Whether these are better for you than white granulated sugar - well, I'll leave that up to you.
On the other hand, many of these alternative sugars give you one important thing that white sugar doesn't - more flavor along with the sweetness. There's a reason we put maple syrup on our pancakes, right?
Speaking of maple, I decided to make maple sugar butter cookies. I like maple and I like butter and I like cookies ... so ... why not?
Well, one reason you might not want to make these cookies is that maple sugar is pretty expensive. So I'd suggest making these for special occasions. I happened to have maple sugar hanging around that I'd been hoarding for quite some time. I'd gotten it from several different sources, and it was just waiting for a recipe.
The funny thing was that although I had the maple sugar and all the other ingredients, I didn't have the required whole wheat pastry flour. I thought I had some, but when I went to get it, the box was actually unbleached cake flour. Oops.
I was pretty sure my local supermarket didn't carry whole wheat pastry flour - heck, I wasn't sure if they had regular pastry flour - so I made an executive decision and used white wheat flour instead. The cookies turned out really well - buttery, with a little nuttiness from the whole wheat, and a mild maple flavor.
Next time I'm ordering specialty flours, I'll probably pick up some whole wheat pastry flour, so I can see what the difference would be. Or next time I might try regular whole wheat flour or even all purpose flour. I think all of them would produce good cookies, but of course there would be some differences.

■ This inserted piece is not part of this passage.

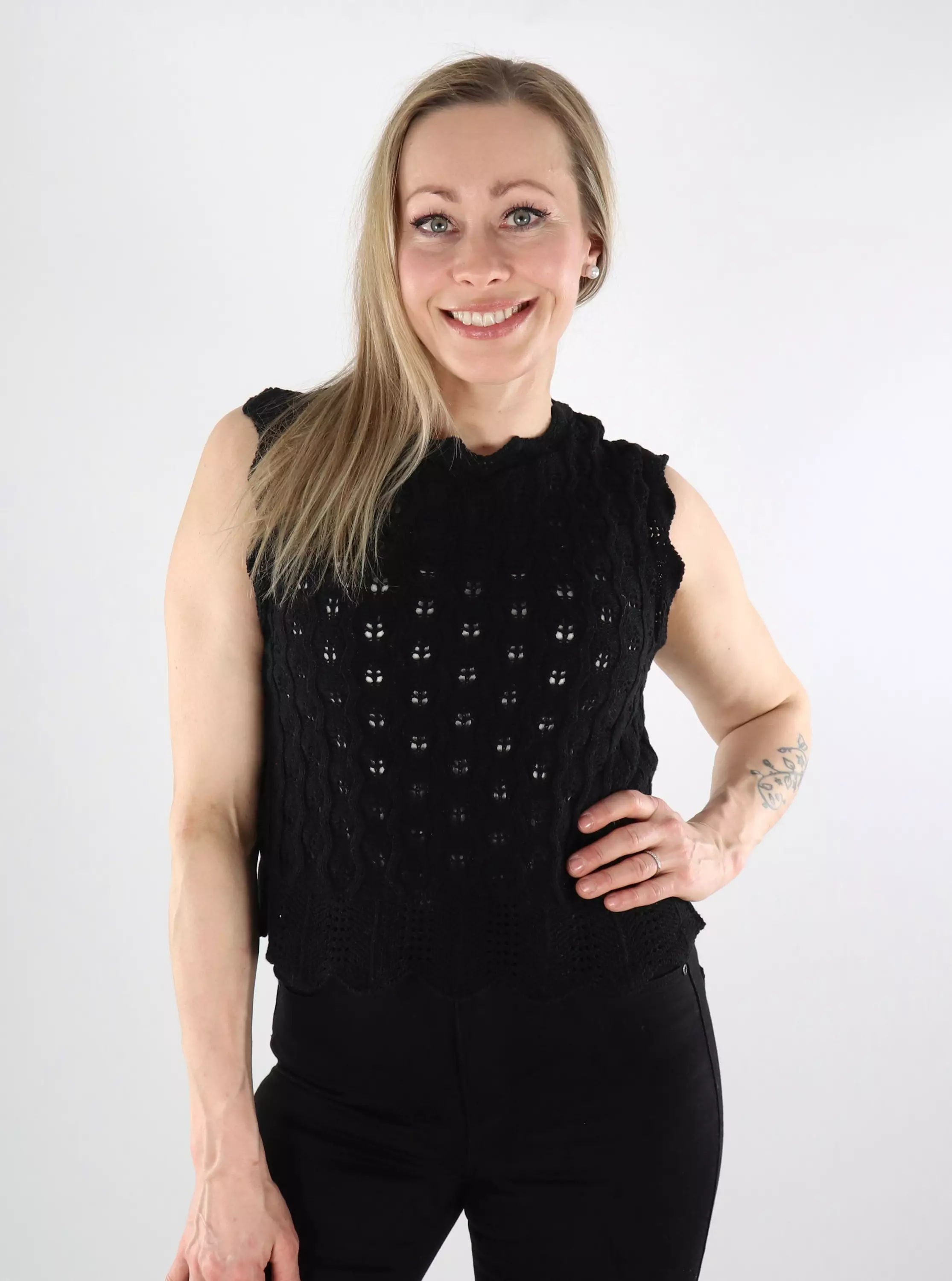 En stickad topp gjord av en mjuk organisk bomullsblandning.

As I was making these, I found one flaw with the recipe. While everything else was very detailed, it didn't say how long to bake the cookies - it just said to cook until the cookies were lightly browned on the edges and on the bottom. I made mine slightly smaller than the recipe called for - I like small cookies - and I ended up with three dozen cookies instead of two dozen. The baking time was around 14 minutes. So if you make these, figure it will be about that long.
Maple Sugar Butter Cookies
Adapted from Real Sweet by Shauna Sever
1 1/4 cups (5 3/8 ounces) white wheat pastry flour (or whole wheat pastry flour if you can't find the white wheat version)
1 1/4 cups (5 5/8 ounces) all purpose flour
1/2 teaspoon baking soda
1/2 teaspoon cream of tartar
1/2 teaspoon salt
1/2 cup grape seed or canola oil
1 teaspoon vanilla extract
1/2 cup (1 stick) unsalted butter at room temperature
3/4 cup maple sugar, plus more for sprinkling
Preheat the oven to 35 degrees and line 2 or 3 baking sheets with parchment paper.
In a medium bowl, whisk the flours, soda, cream of tartar, and salt together. Set aside.
In a small bowl, whisk the oil, egg, and vanilla together. Set aside.
In the bowl of a stand mixer fitted with the paddle attachment, beat the butter and maple sugar together on medium-high speed until it's smooth and lighter in color, about three minutes.
Reduce the speed and pour in the egg-oil mixture slowly. Increase the speed again and beat for another three minutes, scraping down the bowl as needed. It should be light, smooth, and glossy, like a mayonnaise. It's fine if you can see some bits of maple sugar in it, if your sugar was particularly coarse.
Reduce the mixer speed to low and add the flour gradually. When it's mostly incorporated but there are still a few bits of flour, stop the mixer and finish mixing with a spatula or spoon.
Use a small scoop to portion the dough onto the cookie sheets. I used a 2-teaspoon scoop and made exactly three dozen cookies. A tablespoon scoop should make two dozen.
Using three fingers, lightly flatten the cookies to 1/4-inch thick. Sprinkle a little extra maple sugar on top, if desired.
Bake at 350 degrees until the cookies are lightly browned around the edges and on the bottom, 13-15 minutes. The cookies will be firm enough to lift to look underneath - if they're soft, they're not done.
Let the cookies cool on the pan for 2 minutes before putting them on a rack to cool completely.
This book is available for pre-order and will be released on March 17. I received a copy from the publisher at no cost to me.